> _Exercise details_
Leave out the pictures, then output the lines of the records below from the first through the one containing "1、在出現(xiàn)上述界".

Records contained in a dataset

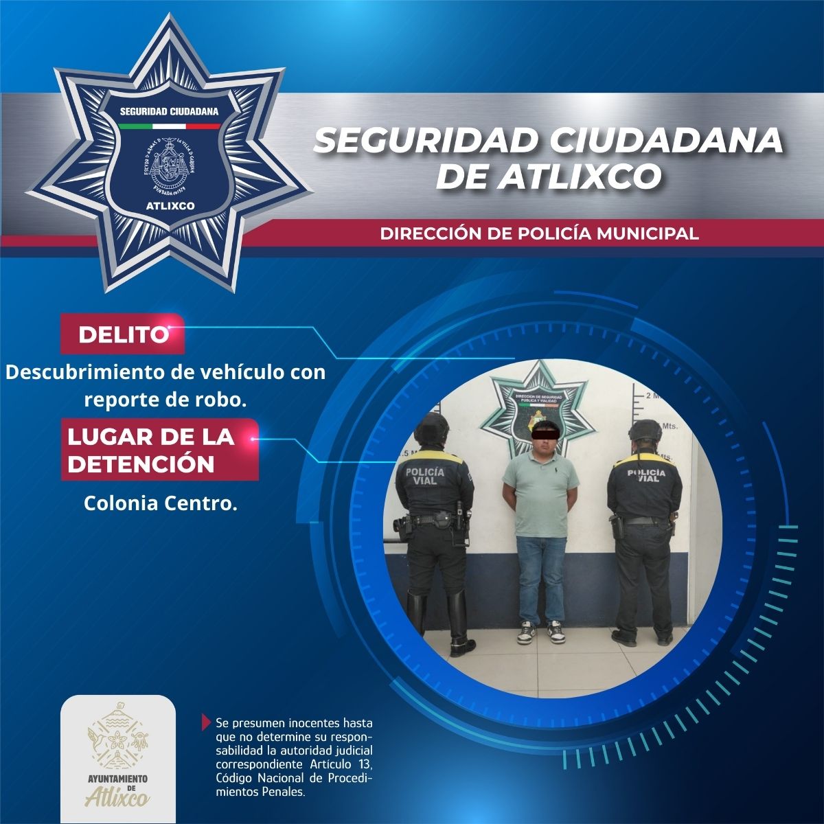 La Secretaría de Seguridad Ciudadana de Atlixco, a través de la Dirección de Tránsito y Vialidad, aseguró una camioneta con reporte de robo y detuvo a un hombre por el probable delito de detentación de vehículo robado.
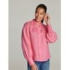 Delikat linbluse med klassisk krage og knappestolpe med trukne knapper. Blusen har rynket bærestykke foran og bak, ballongerm med puff og høy knappet mansjett. Ledig passform og en liten metallbagde nede på venstre side. Modellen er 176 cm høy og bruker str S.
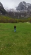 Vista aérea de mulher em Prokletije enquanto drone voa de volta. Vídeo vertical - Vídeo de acervo 4K
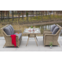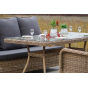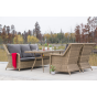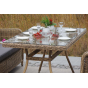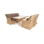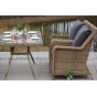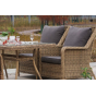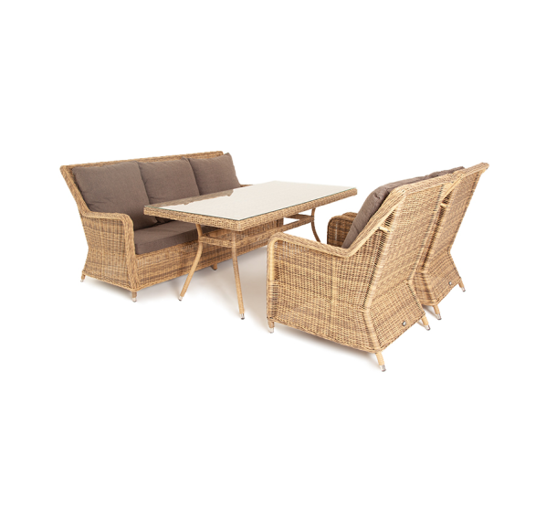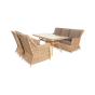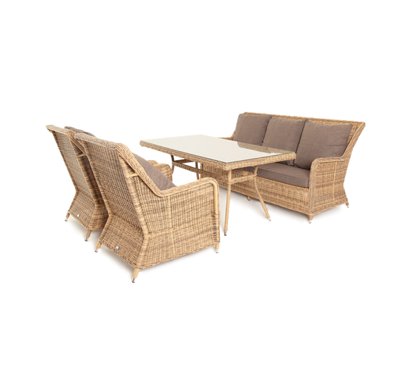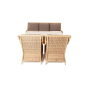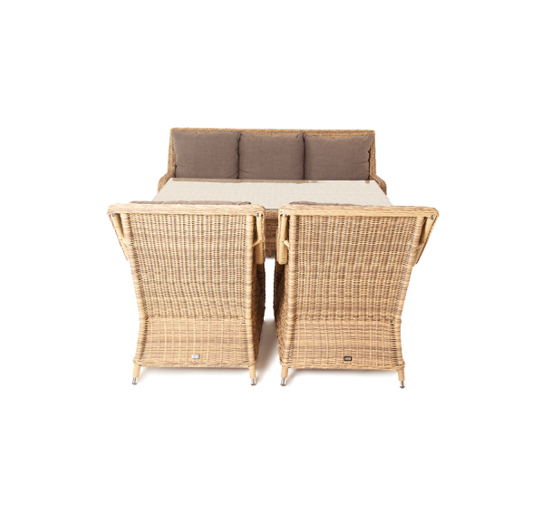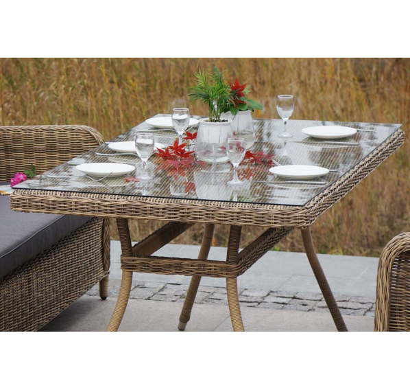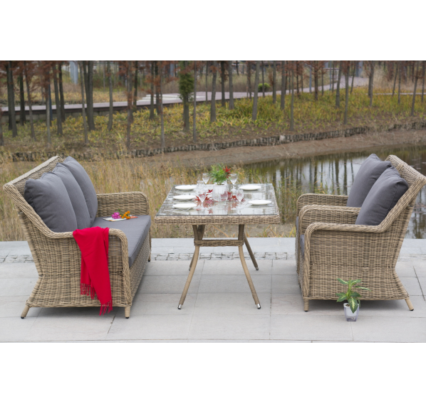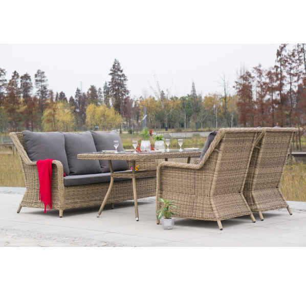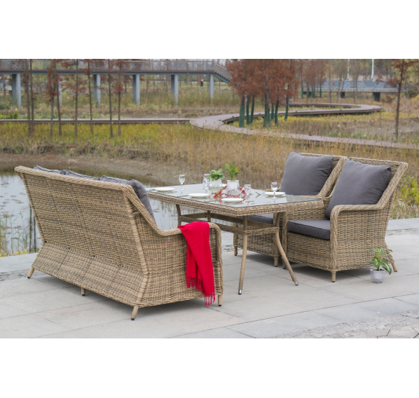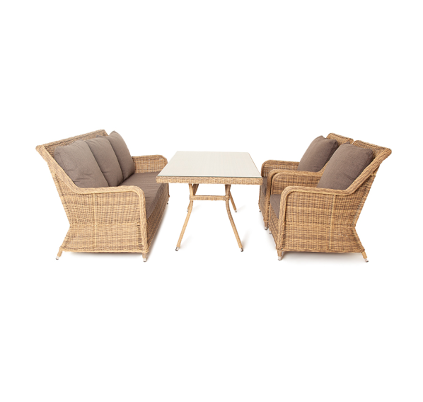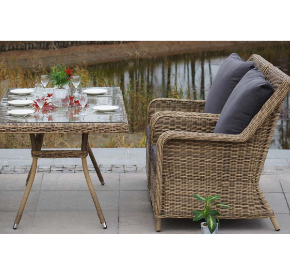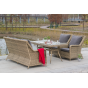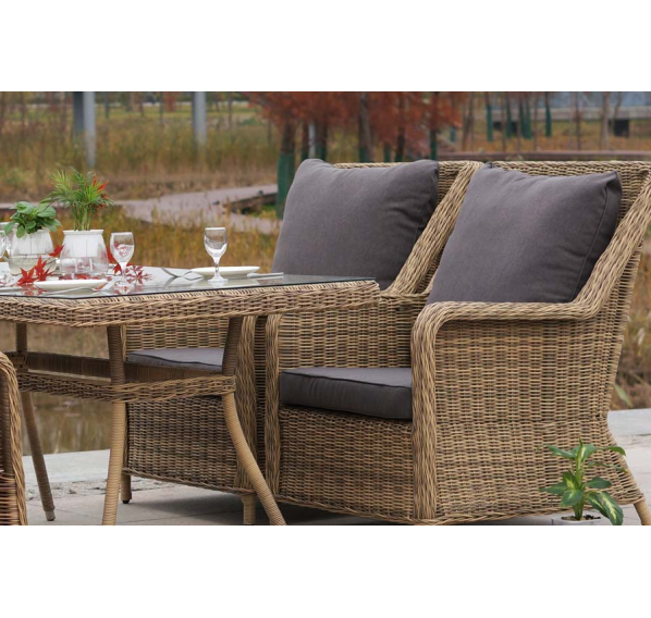 Каркас мебели алюминиевый. Он оформлен с помощью искусственного ротанга круглой формы и был оплетен ручным способом. Цвет плетение - соломенный.
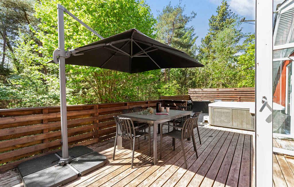 Schönes Ferienhaus mit Swimmingpool, Sauna und Außenwhirlpool, gelegen auf einem großen, geschlossenen und uneinsehbaren Naturgrundstück nahe Houstrup Strand. Das Ferienhaus ist geschmackvoll eingerichtet und verfügt über eine geräumige Wohnküche mit Kaminofen. Es gibt drei Schlafzimmer, von denen eines direkt vom Poolraum aus zugänglich ist. Genießen Sie auf der Terrasse ein leckeres Grillessen, während die Kinder auf dem großen Grundstück spielen. Nicht weit vom Haus entfernt befindet sich die beste und hügelige Mountainbike-Strecke der Westküste. Der herrliche Badestrand ist mit dem Fahrrad erreichbar. Die Gegend ist bekannt für ihre guten Natur- und Wanderwege, und das beeindruckende Dünengebiet grenzt nahezu direkt an das Ferienhaus. Ein schöner Spielplatz liegt ebenfalls in Gehweite. Seawest mit großem Aktivitätszentrum und Erlebnisbad sowie das große Naturschutzgebiet bei Filsø Gods sind einen Besuch wert. Achtung: Wird nicht für gewerbliche Nutzung vermietet.
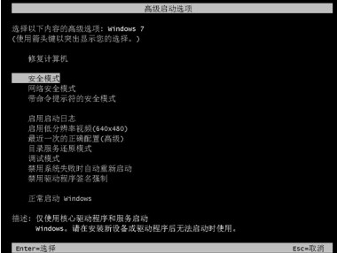 1、在出現(xiàn)上述界面時,按住電源開關10秒強制關機,確認關機后,再次點擊開關鍵開機,并連續(xù)點擊鍵盤上的F8鍵,直到出現(xiàn)高級啟動菜單(如下圖)。用鍵盤右下角的方向鍵“↓”鍵選擇“安全模式”按“回車”。
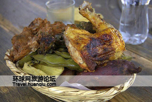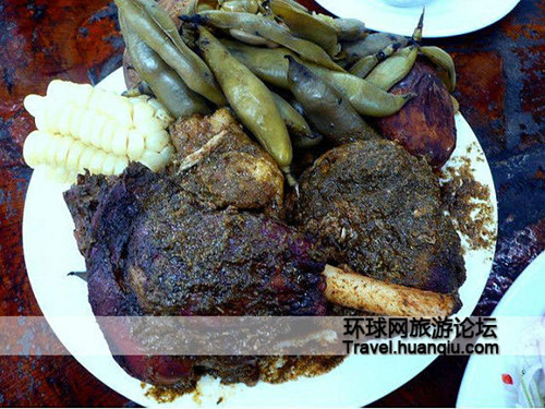 记者还在与老人交谈,同来的秘鲁朋友卡洛斯已排了半个小时队,买来一盘烤制好的帕恰曼卡:一块猪肉、一个鸡腿、一个土豆、一小块红薯和香蕉、玉米粽,再加上一小勺秘鲁特有的黄辣椒酱。热腾腾的食物散发着香气,也散发着秘鲁深厚的传统文化气息。
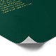 This beautiful seating chart will help your guests find their assigned tables at your wedding reception. It features a simple yet elegant design with gold text on a lush emerald green background. The title is written in script calligraphy lettering and reads: please find your table. The chart is decorated with a frilly floral faux foil gold filigree in the corners. Contains seating assignments for 21 tables at 10 guests per table or 210 guests.
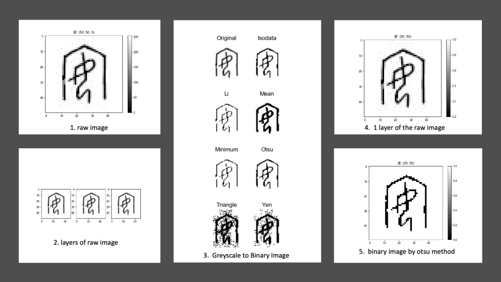 Besides, we show the results of different binarization methods of the original greyscale image with the tool provided by the scikit-image package.
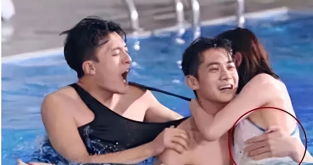 李菲儿这个镜头就是在综艺节目上发生的,当时是在泳池里面,和男演员合作,看看这都成啥了。

> _Result of this exercise_
 La Secretaría de Seguridad Ciudadana de Atlixco, a través de la Dirección de Tránsito y Vialidad, aseguró una camioneta con reporte de robo y detuvo a un hombre por el probable delito de detentación de vehículo robado.
 Delikat linbluse med klassisk krage og knappestolpe med trukne knapper. Blusen har rynket bærestykke foran og bak, ballongerm med puff og høy knappet mansjett. Ledig passform og en liten metallbagde nede på venstre side. Modellen er 176 cm høy og bruker str S.
 Vista aérea de mulher em Prokletije enquanto drone voa de volta. Vídeo vertical - Vídeo de acervo 4K
 Каркас мебели алюминиевый. Он оформлен с помощью искусственного ротанга круглой формы и был оплетен ручным способом. Цвет плетение - соломенный.
 Schönes Ferienhaus mit Swimmingpool, Sauna und Außenwhirlpool, gelegen auf einem großen, geschlossenen und uneinsehbaren Naturgrundstück nahe Houstrup Strand. Das Ferienhaus ist geschmackvoll eingerichtet und verfügt über eine geräumige Wohnküche mit Kaminofen. Es gibt drei Schlafzimmer, von denen eines direkt vom Poolraum aus zugänglich ist. Genießen Sie auf der Terrasse ein leckeres Grillessen, während die Kinder auf dem großen Grundstück spielen. Nicht weit vom Haus entfernt befindet sich die beste und hügelige Mountainbike-Strecke der Westküste. Der herrliche Badestrand ist mit dem Fahrrad erreichbar. Die Gegend ist bekannt für ihre guten Natur- und Wanderwege, und das beeindruckende Dünengebiet grenzt nahezu direkt an das Ferienhaus. Ein schöner Spielplatz liegt ebenfalls in Gehweite. Seawest mit großem Aktivitätszentrum und Erlebnisbad sowie das große Naturschutzgebiet bei Filsø Gods sind einen Besuch wert. Achtung: Wird nicht für gewerbliche Nutzung vermietet.
 1、在出現(xiàn)上述界面時,按住電源開關10秒強制關機,確認關機后,再次點擊開關鍵開機,并連續(xù)點擊鍵盤上的F8鍵,直到出現(xiàn)高級啟動菜單(如下圖)。用鍵盤右下角的方向鍵“↓”鍵選擇“安全模式”按“回車”。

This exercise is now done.